(DATA BELOW Opens)

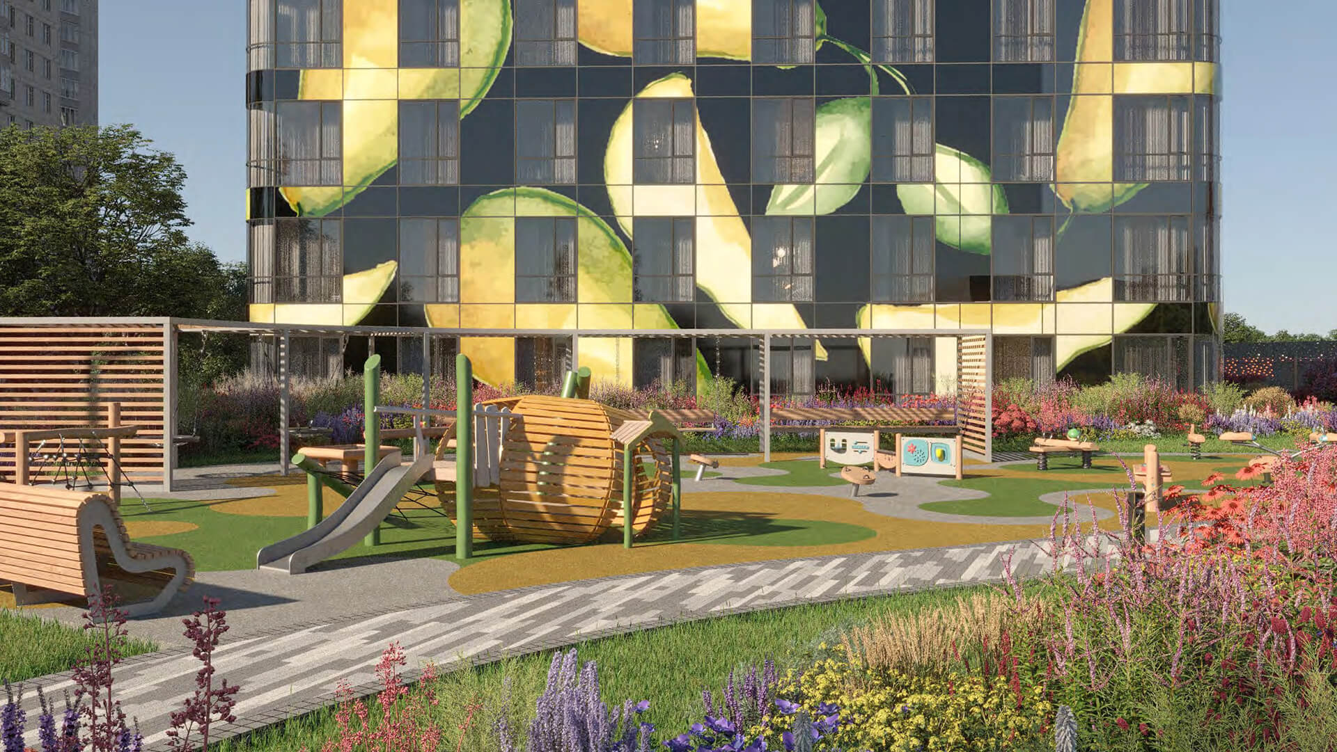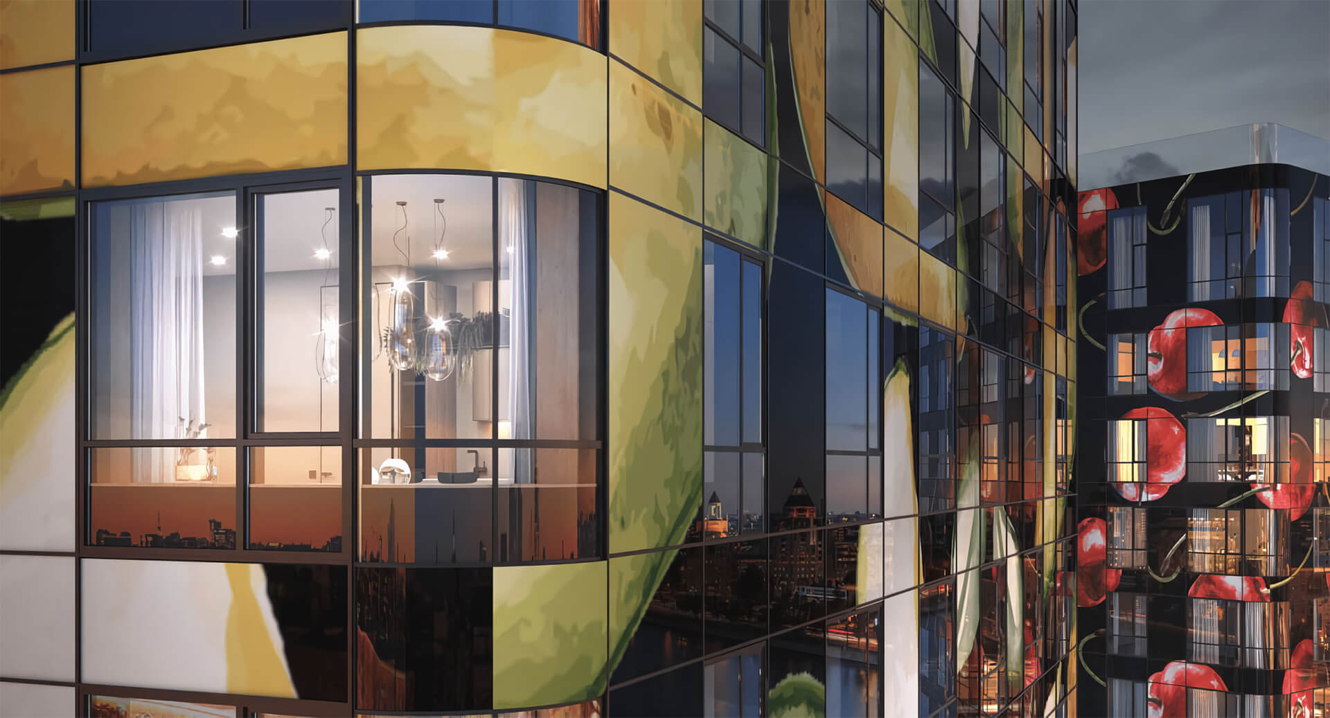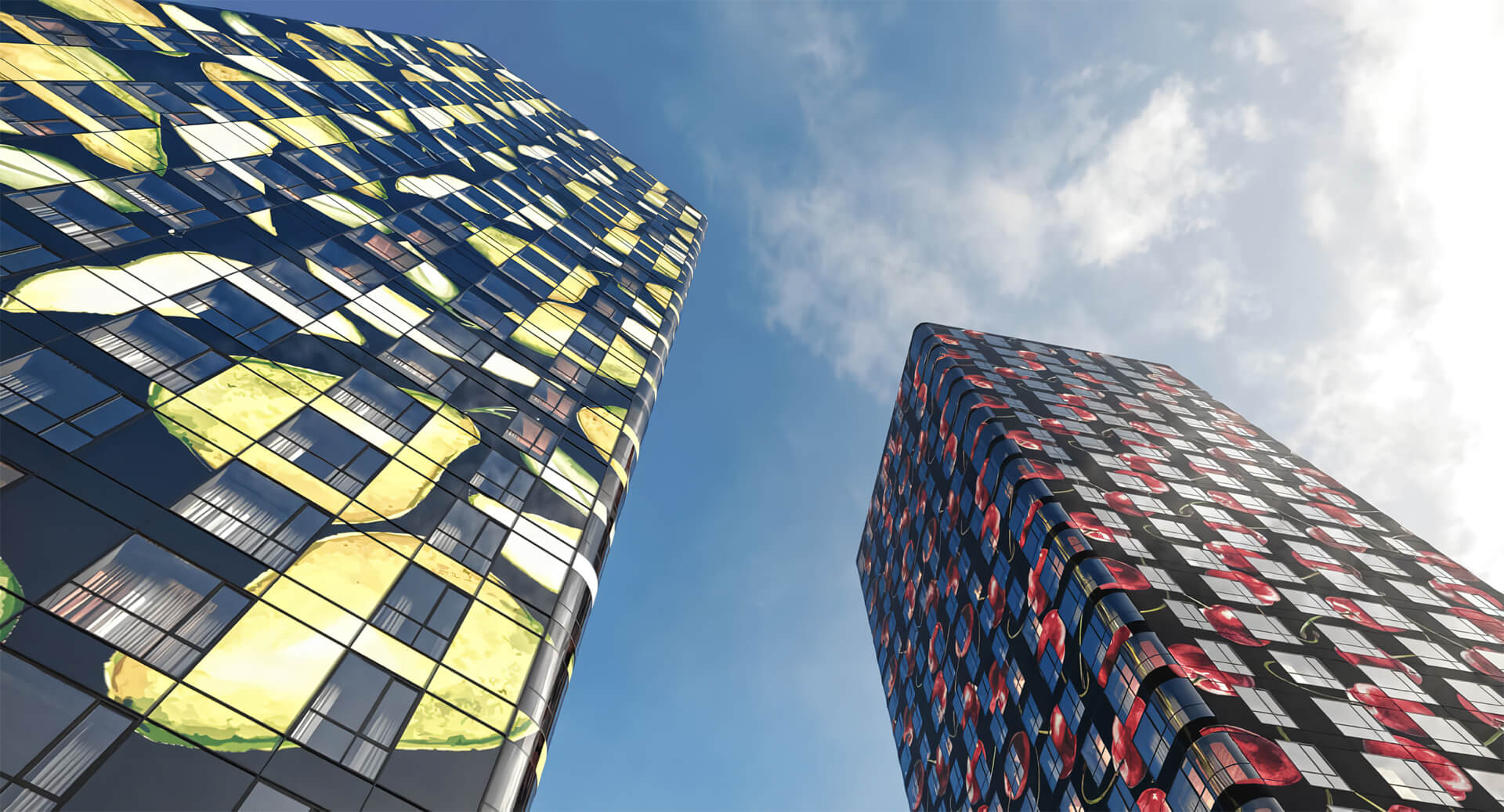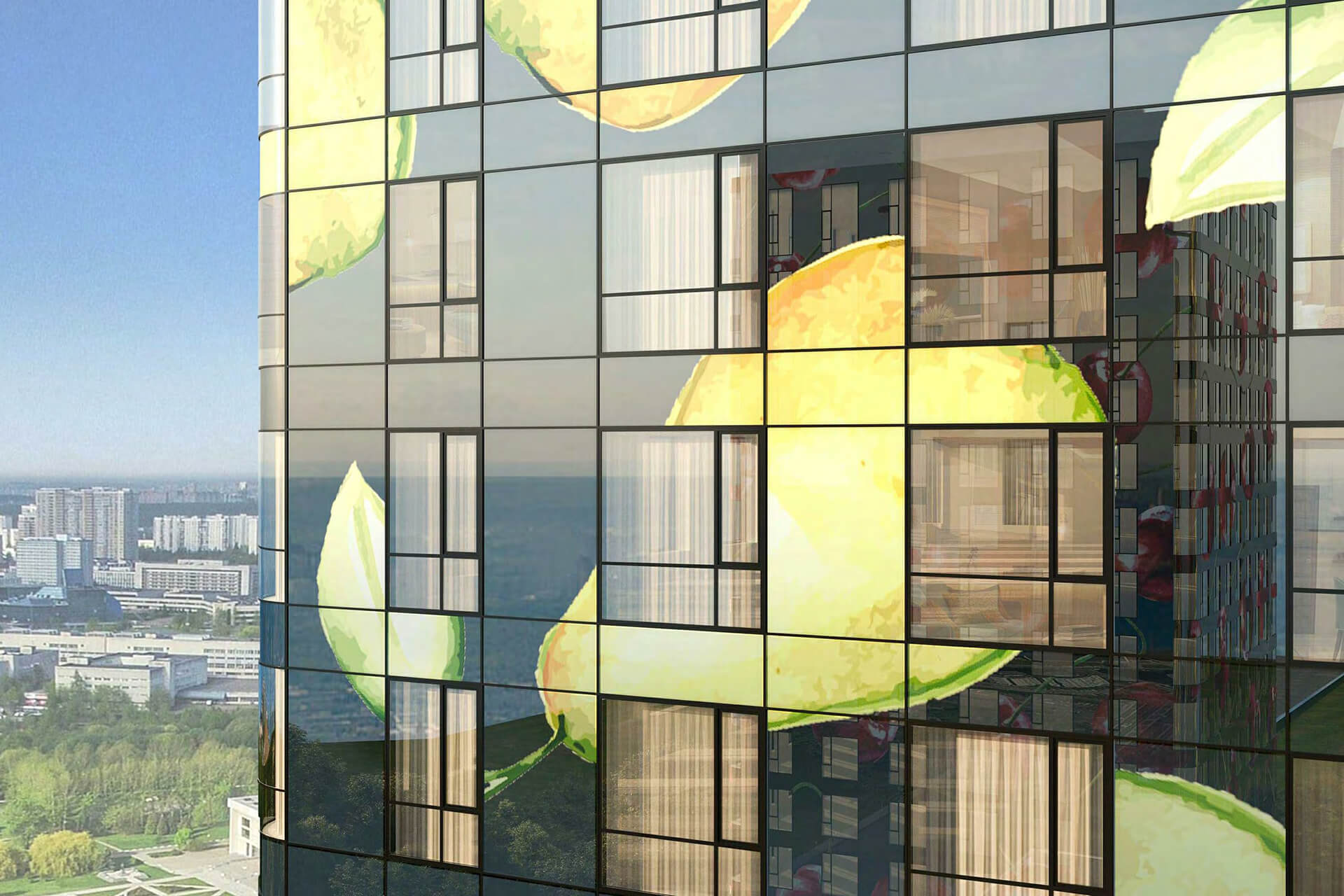 Жилой комплекс «Инноватор» — это архитектурный шедевр, вдохновленный выдающимся биологом и ученым Иваном Мичуриным. Его новаторский подход и научные открытия стали основой для создания уникальной визуальной концепции, разработанной архитекторами бюро СПИЧ. Живые образы «мичуринских» садов воплотились в фасадах комплекса: сочные цвета, фруктовые паттерны вишни и груши привлекают внимание, делая жилой комплекс «Инноватор» ярким акцентом в городской среде. Фасады из цельного стекла с элементами моллированного стекла формируют сложные и неповторимые контуры зданий, придавая им современный, динамичный вид.
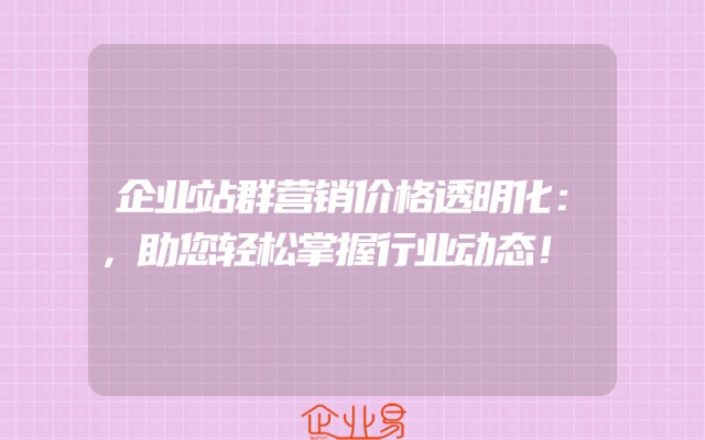 - 企业站群营销价格透明化:,助您轻松掌握行业动态!
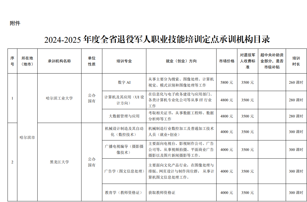 为规范退役军人培训工作,提升退役军人就业创业能力,促进退役军人高质量充分就业,黑龙江省退役军人事务厅开展了2024-2025年度全省退役军人职业技能培训定点承训机构申报工作。公司获批机械设计制造及其自动化(数控技术)、广播电视编导(摄影摄像技术)、广告学(图文信息处理)、教育学(教团队格证)四个培训专业。
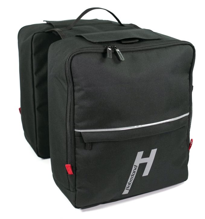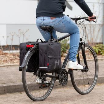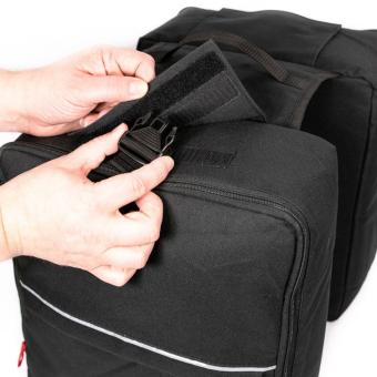 Die praktisch-sportliche Doppeltasche. Der »Transporter« ist eine flexible Doppeltasche und bietet mit 30 Litern Volumen viel Platz für große oder kleine Touren. Mit den Klettverbindungen ist ein einfaches und schnelles Anbringen an jeden Fahrradgepäckträger - auch ohne Federklappe - möglich. Beide Seiten verfügen jeweils über ein Netzfach. So können gleich zwei Trinkflaschen mitgeführt werden. Die darunter befindlichen Reflexstreifen und die reflektierenden Logos bieten dir Sicherheit, wenn sie im Dunkeln angestrahlt werden. Durch die umlaufenden Reißverschlüsse an den Taschenfronten kannst du deinen »Transporter« ordentlich bepacken. Der Inhalt lässt sich dadurch schnell erreichen, auch wenn sich über der Tasche ein Aufbau befindet, wie z.B. die dazu passende Sporttasche »TranSPORTer« (ESP100). Auf der Taschenoberseite sind unter Klettabdeckungen noch Steckverbindungen mit denen sich die beiden Taschen zum Set zusammenfügen lassen. Klettbänder verhindern zusätzlich ein Verrutschen während der Fahrt, indem du damit die Doppeltasche an den Gepäckträgerstreben befestigst.

(DATA BELOW Closes)

All of the listing should be transcribed exactly, but none of its images.

● **OUTPUT FOR THIS TASK**
 Жилой комплекс «Инноватор» — это архитектурный шедевр, вдохновленный выдающимся биологом и ученым Иваном Мичуриным. Его новаторский подход и научные открытия стали основой для создания уникальной визуальной концепции, разработанной архитекторами бюро СПИЧ. Живые образы «мичуринских» садов воплотились в фасадах комплекса: сочные цвета, фруктовые паттерны вишни и груши привлекают внимание, делая жилой комплекс «Инноватор» ярким акцентом в городской среде. Фасады из цельного стекла с элементами моллированного стекла формируют сложные и неповторимые контуры зданий, придавая им современный, динамичный вид.
 - 企业站群营销价格透明化:,助您轻松掌握行业动态!
 为规范退役军人培训工作,提升退役军人就业创业能力,促进退役军人高质量充分就业,黑龙江省退役军人事务厅开展了2024-2025年度全省退役军人职业技能培训定点承训机构申报工作。公司获批机械设计制造及其自动化(数控技术)、广播电视编导(摄影摄像技术)、广告学(图文信息处理)、教育学(教团队格证)四个培训专业。
 Die praktisch-sportliche Doppeltasche. Der »Transporter« ist eine flexible Doppeltasche und bietet mit 30 Litern Volumen viel Platz für große oder kleine Touren. Mit den Klettverbindungen ist ein einfaches und schnelles Anbringen an jeden Fahrradgepäckträger - auch ohne Federklappe - möglich. Beide Seiten verfügen jeweils über ein Netzfach. So können gleich zwei Trinkflaschen mitgeführt werden. Die darunter befindlichen Reflexstreifen und die reflektierenden Logos bieten dir Sicherheit, wenn sie im Dunkeln angestrahlt werden. Durch die umlaufenden Reißverschlüsse an den Taschenfronten kannst du deinen »Transporter« ordentlich bepacken. Der Inhalt lässt sich dadurch schnell erreichen, auch wenn sich über der Tasche ein Aufbau befindet, wie z.B. die dazu passende Sporttasche »TranSPORTer« (ESP100). Auf der Taschenoberseite sind unter Klettabdeckungen noch Steckverbindungen mit denen sich die beiden Taschen zum Set zusammenfügen lassen. Klettbänder verhindern zusätzlich ein Verrutschen während der Fahrt, indem du damit die Doppeltasche an den Gepäckträgerstreben befestigst.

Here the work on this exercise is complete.